僤鯓⒐⒋嵵緔 提交于 2019-12-11 06:23:53

问题


Okay so I need to implement a method that returns zero or one depending on if x-y results in an overflow.

Example: subTract(0x80000000,0x80000000) = 1,
         subTract(0x80000000,0x70000000) = 0, 

I'm NOT looking for an implementation of this method. I don't understand which one supposedly results in an overflow, and that making it nearly impossible to start. Why does one of these cause an overflow? What defines an overflow with subtraction.

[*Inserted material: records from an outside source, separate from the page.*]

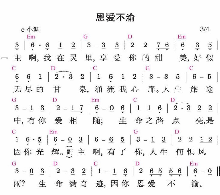 主啊,我在灵里,享受你的甜美,好似无尽的甘泉,涌流我心扉。人生旅途中,有你爱相随;生命之路点亮,是因你光辉。
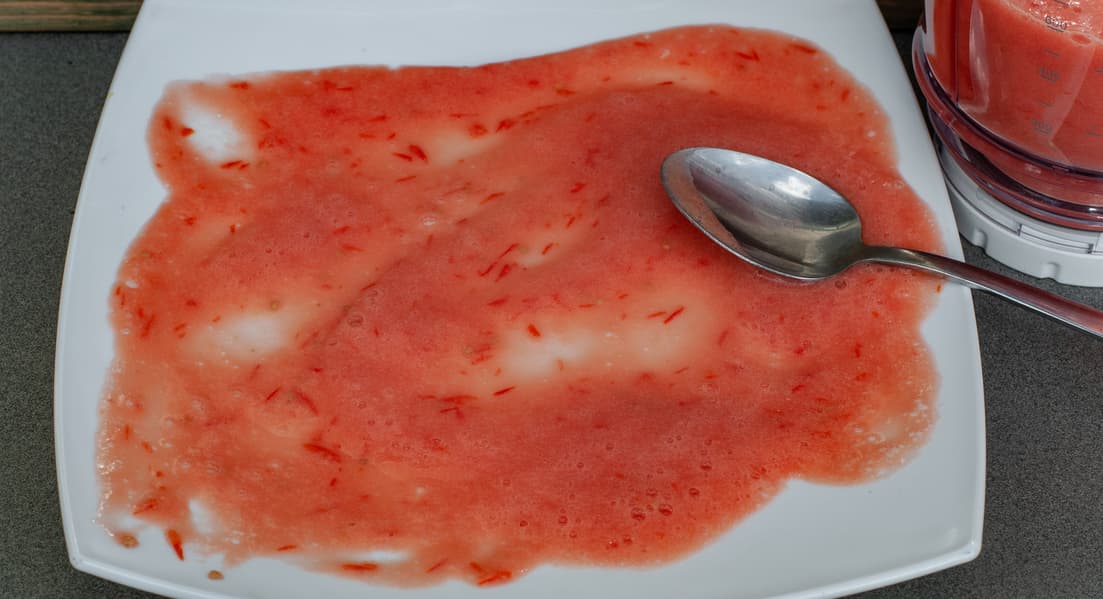 Мы переложили массу обратно в кувшин блендера и измельчали еще 1 минуту на высокой скорости. Фрагменты шкурки стали меньше, но все еще остались крупными, неперемолотые семечки тоже остались.
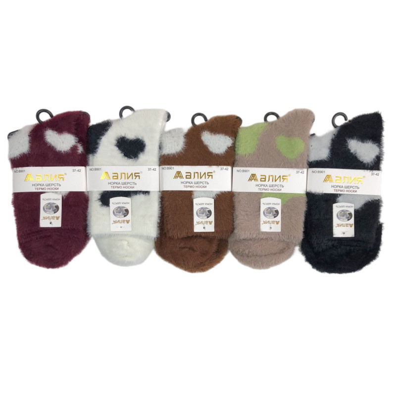 Норкові жіночі пухнасті шкарпетки з кашеміром Аалия (плямисті)
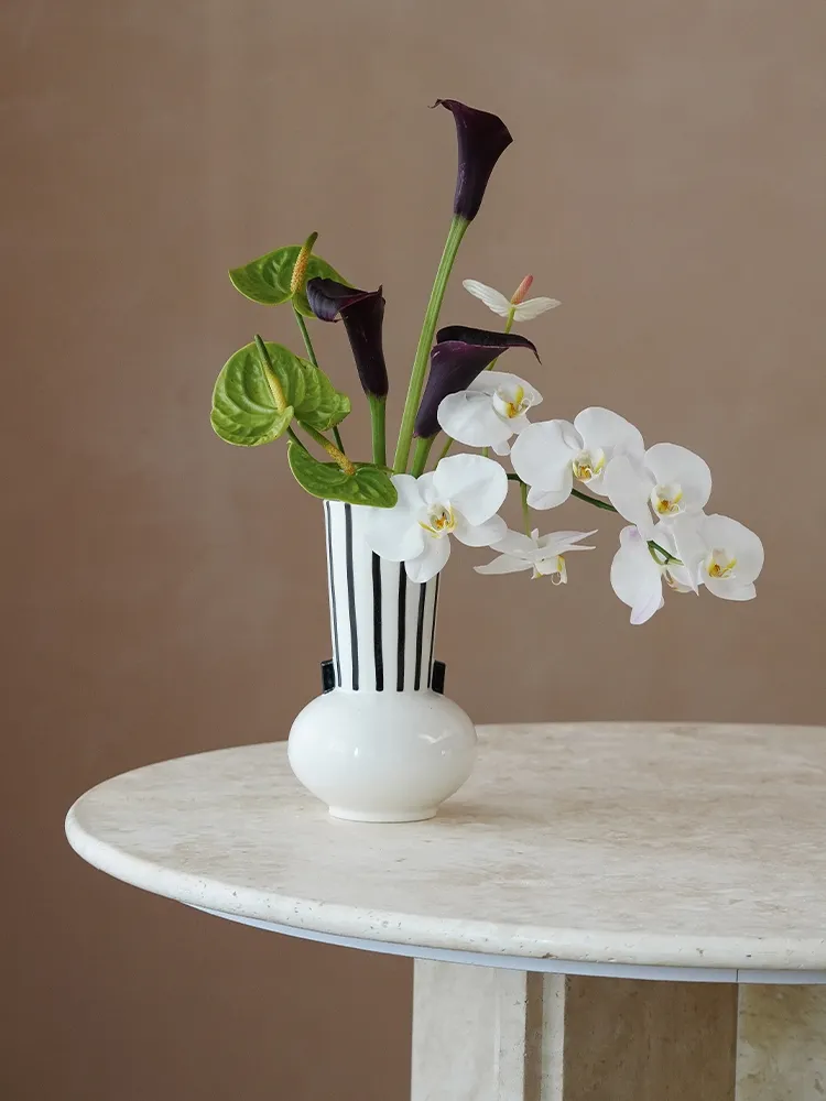 Though this vase shines as a standalone decorative piece, it is also ideal for holding fresh flowers, elegant dried florals, or even artificial greenery. A few well-placed stems or branches add natural beauty to the vase, creating a harmonious contrast with the vase’s sleek lines and luxurious finish. Whether you prefer classic roses, simple lilies, or lush eucalyptus, this vase enhances the beauty of any floral arrangement.
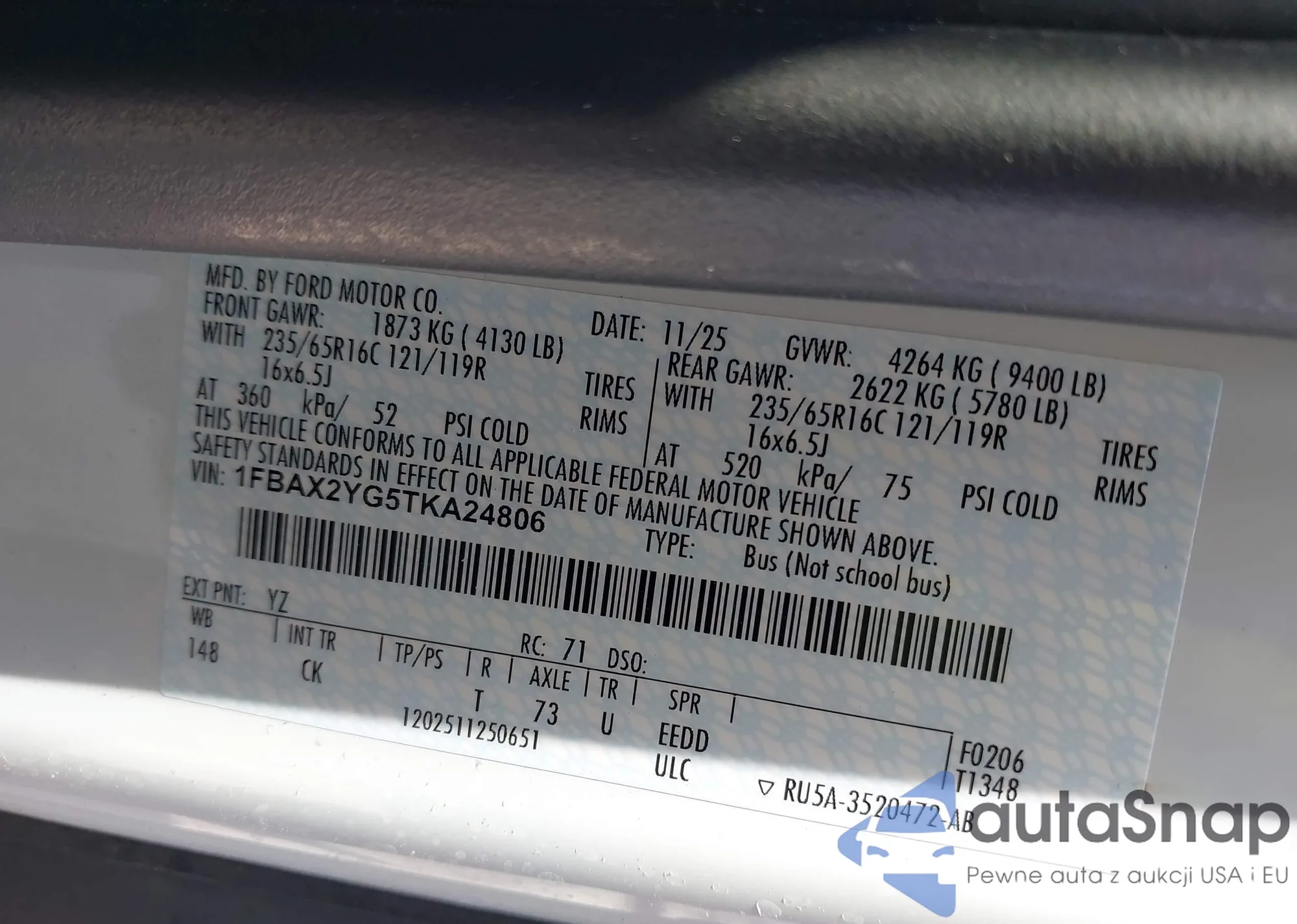 Samochód Ford Transit 2026 (VIN 1FBAX2YG5TKA24806) nie był wcześniej licytowany. Dokumenty są czyste, przebieg odpowiada lub jest niższy niż średnia rynku. Sprzedaje go firma ubezpieczeniowa – polecamy zakup. Dostawa do portu zajmie ok. 6–8 tygodni.
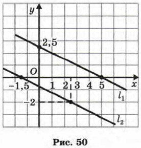 Р е ш е н и е. Графиком уравнения х + 2у - 5 = 0 является прямая. Найдём две пары значений переменных х, у, удовлетворяющих этому уравнению. Если у = 0, то из уравнения х + 2у - 5 = 0 находим х = 5. Если х = 0, то из уравнения х + 2у - 5 = 0 находим у = 2,5. Итак, нашли две точки: (5; 0) и (0; 2,5). Построим на координатной плоскости хОу прямую, проходящую через эти две точки, — прямая l1 на рисунке 50.
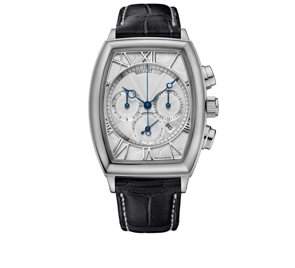 5400BB/12/9V6 Breguet The Breguet Héritage 5400BB/12/9V6 is a luxury men’s watch that will awe enthusiasts and collectors alike. Its 18K white gold case measures 42 x 35 mm and houses a self-winding movement with a 30-minute and 12-hour totalizer, as well as a date and small seconds display. The watch face boasts a silvered gold dial, hand-engraved on a rose engine for an exquisite and unique design. The curved tonneau-shaped case and alligator leather strap add to the watch’s elegance. With water resistance up to 30 meters (100 feet), this timepiece is perfect for the adventurous with a love for haute horlogerie.

assume the system uses 2's complement and a 32-bit representation of ints


回答1:


Try performing the subtraction with 32-bit and 64-bit.

1:No overflow. The difference of x-x is 0 and is representable as a 32-bit int. This is expected regardless of what integer value/type x may be.

0:Overflow. The difference of x-y (or -2147483648 - 1879048192) is arithmetically -4026531840 and is not representable as a 32-bit int. The result of the below code provided a difference of 268435456. But int overflow is undefined behavior, so the result here may differ on another machine.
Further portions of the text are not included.